Germany is currently experiencing the largest transfer of wealth in its history. A look at the figures demonstrates both the enormous scale of this development and the equally significant risks of failing to plan ahead.
The Facts: The Largest Transfer of Wealth of All Time
Germany is on the brink of an unprecedented wave of wealth transfers. The German Bundesbank and leading economic research institutes estimate that between 2024 and 2034, assets worth up to €4 trillion will change hands through inheritances and lifetime gifts.
- Inheritance and gift tax revenues have reached record levels year after year. Most recently, annual revenue exceeded €9 billion, with the upward trend continuing.
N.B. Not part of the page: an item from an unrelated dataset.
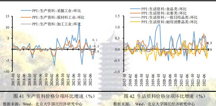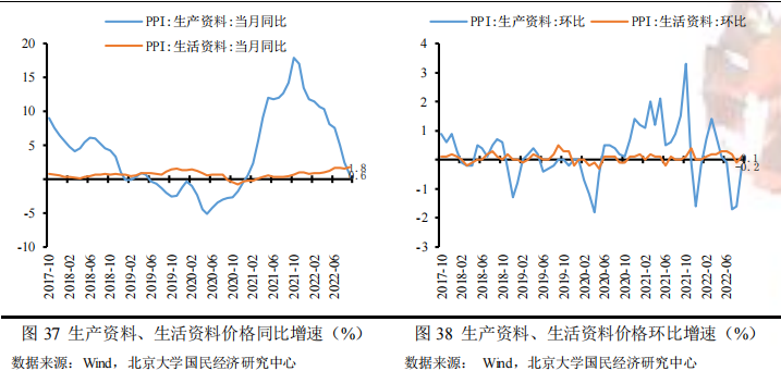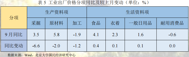 9月份,前期保供稳价政策持续,各地区各部门高效统筹疫情防控和经济社会发展,保障重点产业链供应链畅通稳定,国内部分能源和原材料供需矛盾有所缓解,但受国际大宗商品价格波动传导和国内需求偏弱等多种因素影响,工业品价格走势整体下行,工业品价格环比下跌幅度收窄,同比下行幅度收窄,具体而言:受工业上游原材料、能源品等价格回落影响,生产资料价格继续回落;受需求回温及上游工业传导影响,生活资料价格平稳增长。

- The real estate challenge: Since the reform of the valuation rules, property is generally assessed by the tax authorities much closer to its market value. At the same time, tax-free allowances have remained unchanged (e.g. €400,000 for children since 2009). The result is clear: today, even an average family home in many metropolitan areas can exceed the available allowances, resulting in substantial inheritance tax liabilities unless planning is undertaken in advance.
- The liquidity risk for family businesses: More than 90% of German businesses are family-owned. Where succession planning is not addressed early enough, businesses may be forced to use operating liquidity to fund inheritance tax liabilities. In the worst case, this can result in a distressed sale or even the break-up of the business.
Why "Waiting" Is the Most Expensive Strategy
German inheritance tax law is highly complex. It contains numerous tax pitfalls, but also offers significant legitimate planning opportunities for those who act proactively rather than reactively. Waiting until an inheritance occurs often means giving away substantial amounts of money unnecessarily.
Top-level tax advice never considers succession planning in isolation. It is closely linked to business structuring, international residence planning and long-term investment strategy.